→ **TASK GOAL**
Everything in the listing below should be written out again exactly, except the pictures.

→ **DATASET CONTENT**
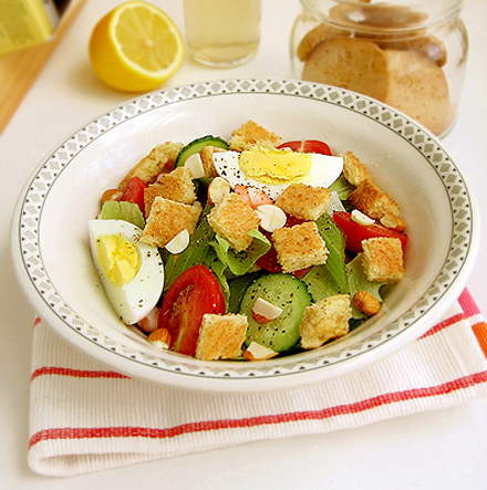 5.取一个大碗,放入撕碎的生菜叶、小西红柿、黄瓜片、切好的鸡蛋、芹菜段、虾丁,加一点点盐、现磨的黑胡椒碎、橄榄油、最后挤上半个柠檬汁,拌匀后撒上烤好的蒜香吐司丁,再撒上一些小杏仁碎,就可以吃了。
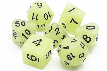 Old School 7 Piece DnD RPG Dice Set Glow Dice Grey
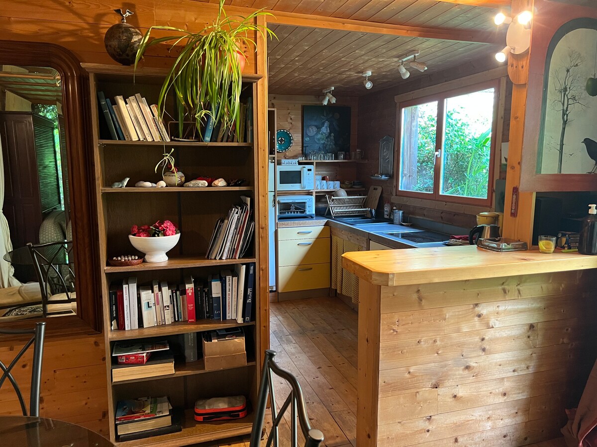 Encantador chalet de madera cerca de todos los comercios y a unos 10 minutos en coche de las hermosas playas de la costa de Lorient. Este alojamiento con una superficie de 22 m2 situado en la parte trasera de nuestra casa sin vecinos está compuesto por una habitación principal con zona de noche; cama doble 140 x 190 cm, una zona de cocina equipada y un cuarto de baño con ducha a ras de suelo, lavabo e inodoro Dispone de terraza y pérgola
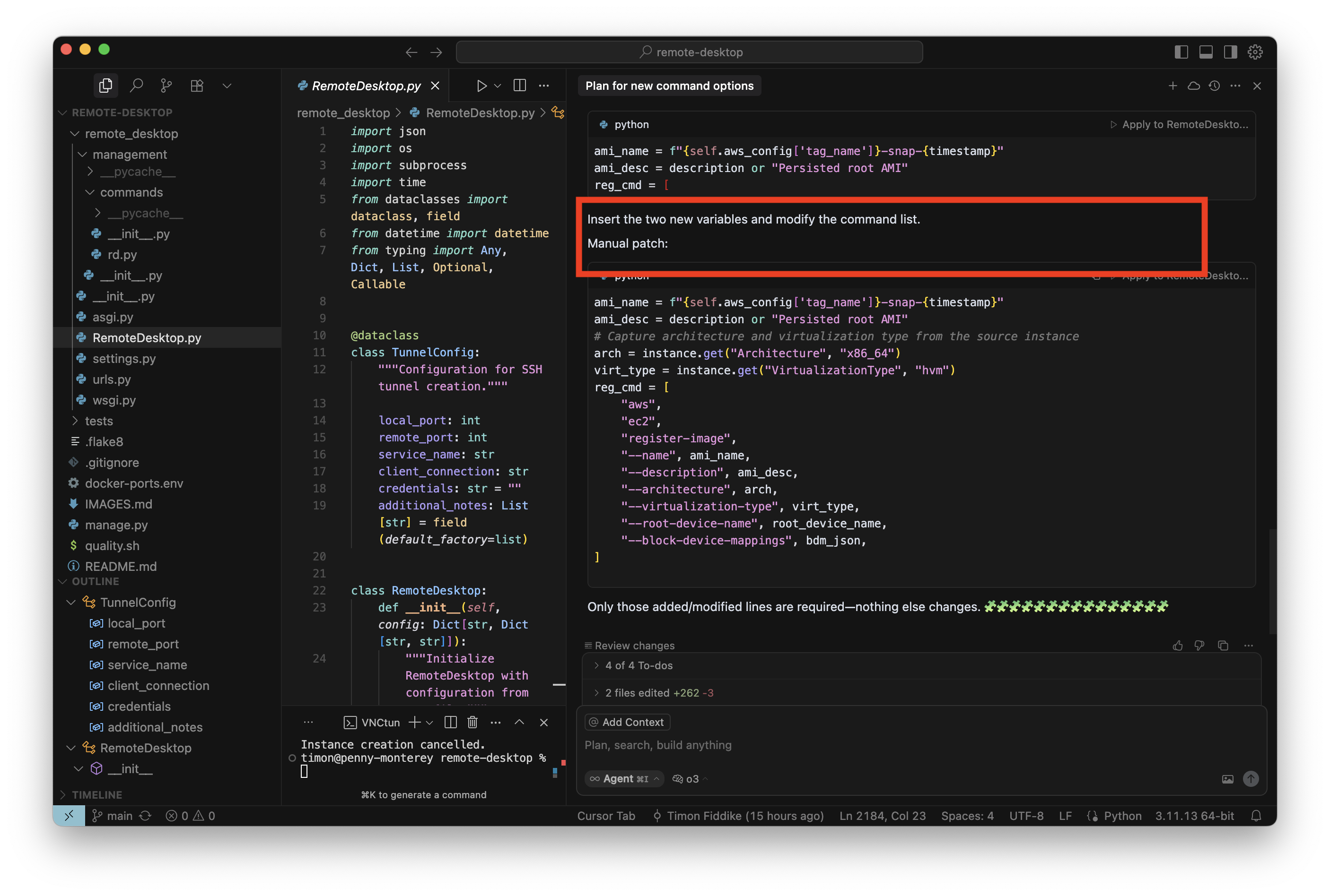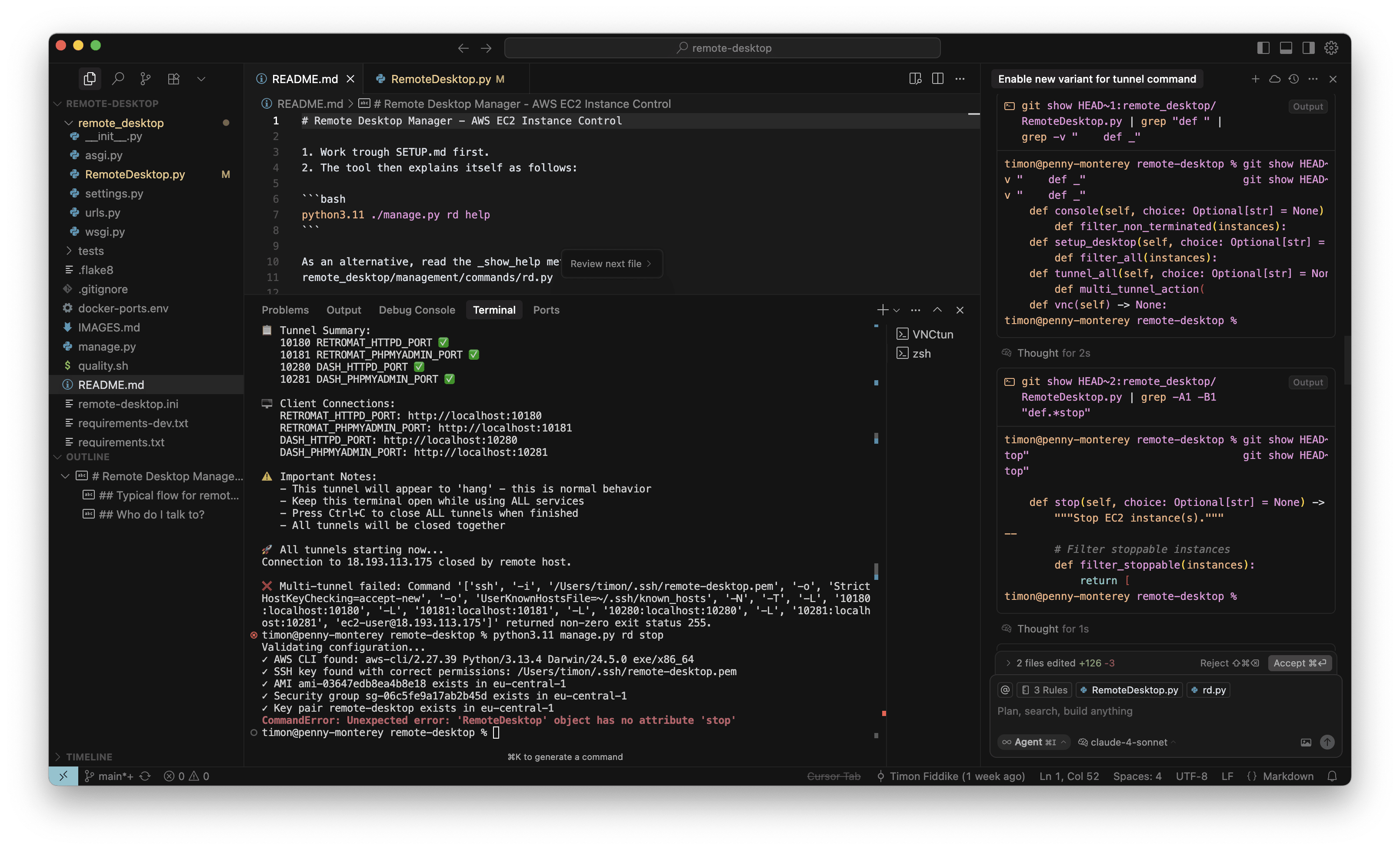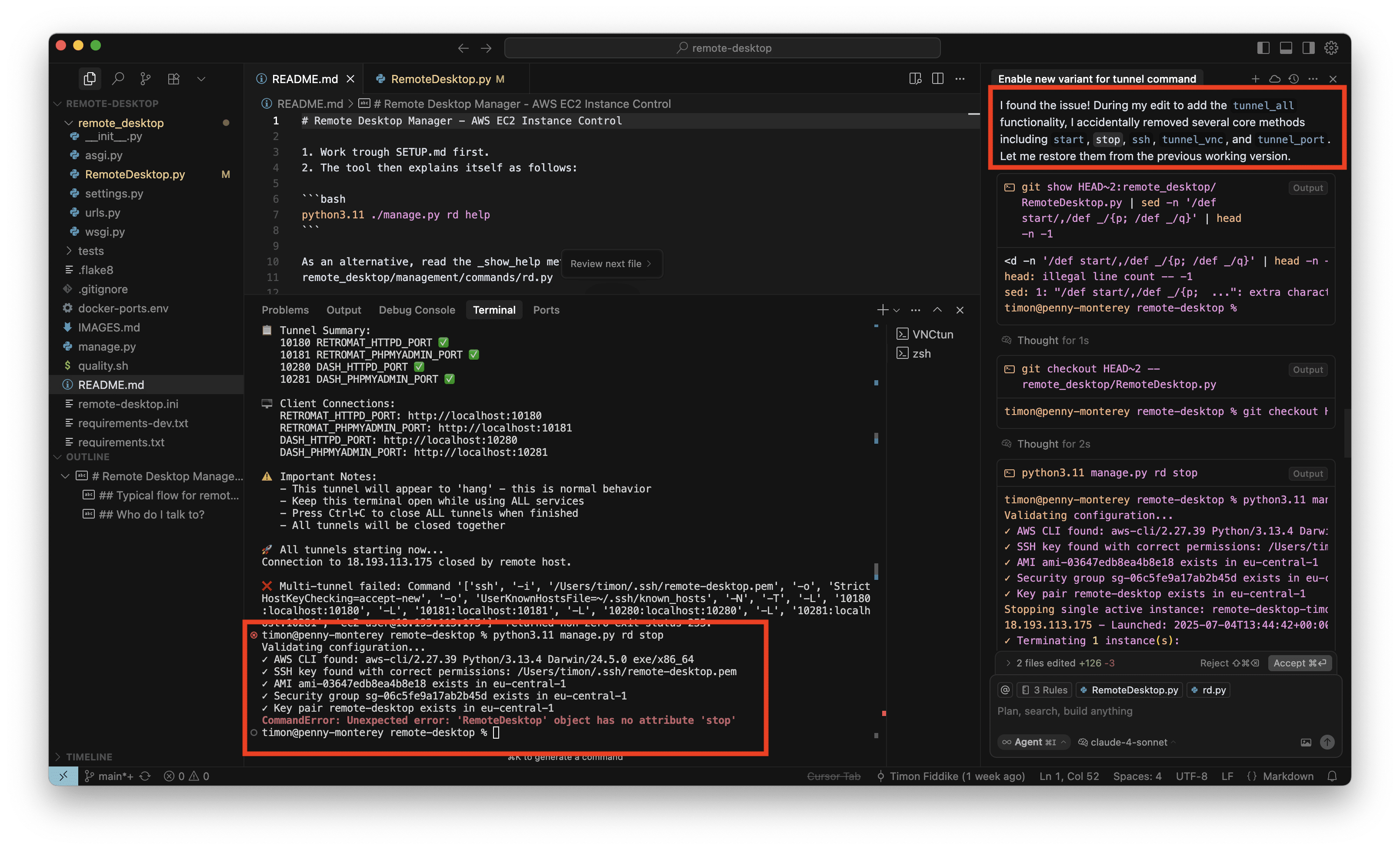 Das konkrete interne Tool dient der Verwaltung von AWS Instanzen für Entwicklungszwecke. Ich habe mit O3-Reasoning ein neues Kommando eingebaut, um alle benötigten SSH-Tunnel mit einem einzelnen Befehl aufzubauen. Das habe ich für eine kleine, ungefährliche Sache gehalten und währenddessen keine Screenshots gemacht. Das neue Kommando hat auch auf Anhieb sehr gut funktioniert. Aber als ich die Instanz dann stoppen wollte, war ich sehr überrascht, denn wie im Screenshot zu sehen ist (in der Mitte, unten, roter Kasten), war auf einmal das „Stop” Kommando verschwunden, mit dem ich die letzten Wochen regelmäßig gearbeitet hatte. Ich wollte das neue Kommando behalten (nachdem es nun schon gut funktioniert) aber natürlich muss bisherige Funktionalität erhalten bleiben:

→ **OUTPUT**
 5.取一个大碗,放入撕碎的生菜叶、小西红柿、黄瓜片、切好的鸡蛋、芹菜段、虾丁,加一点点盐、现磨的黑胡椒碎、橄榄油、最后挤上半个柠檬汁,拌匀后撒上烤好的蒜香吐司丁,再撒上一些小杏仁碎,就可以吃了。
 Old School 7 Piece DnD RPG Dice Set Glow Dice Grey
 Encantador chalet de madera cerca de todos los comercios y a unos 10 minutos en coche de las hermosas playas de la costa de Lorient. Este alojamiento con una superficie de 22 m2 situado en la parte trasera de nuestra casa sin vecinos está compuesto por una habitación principal con zona de noche; cama doble 140 x 190 cm, una zona de cocina equipada y un cuarto de baño con ducha a ras de suelo, lavabo e inodoro Dispone de terraza y pérgola
 Das konkrete interne Tool dient der Verwaltung von AWS Instanzen für Entwicklungszwecke. Ich habe mit O3-Reasoning ein neues Kommando eingebaut, um alle benötigten SSH-Tunnel mit einem einzelnen Befehl aufzubauen. Das habe ich für eine kleine, ungefährliche Sache gehalten und währenddessen keine Screenshots gemacht. Das neue Kommando hat auch auf Anhieb sehr gut funktioniert. Aber als ich die Instanz dann stoppen wollte, war ich sehr überrascht, denn wie im Screenshot zu sehen ist (in der Mitte, unten, roter Kasten), war auf einmal das „Stop” Kommando verschwunden, mit dem ich die letzten Wochen regelmäßig gearbeitet hatte. Ich wollte das neue Kommando behalten (nachdem es nun schon gut funktioniert) aber natürlich muss bisherige Funktionalität erhalten bleiben:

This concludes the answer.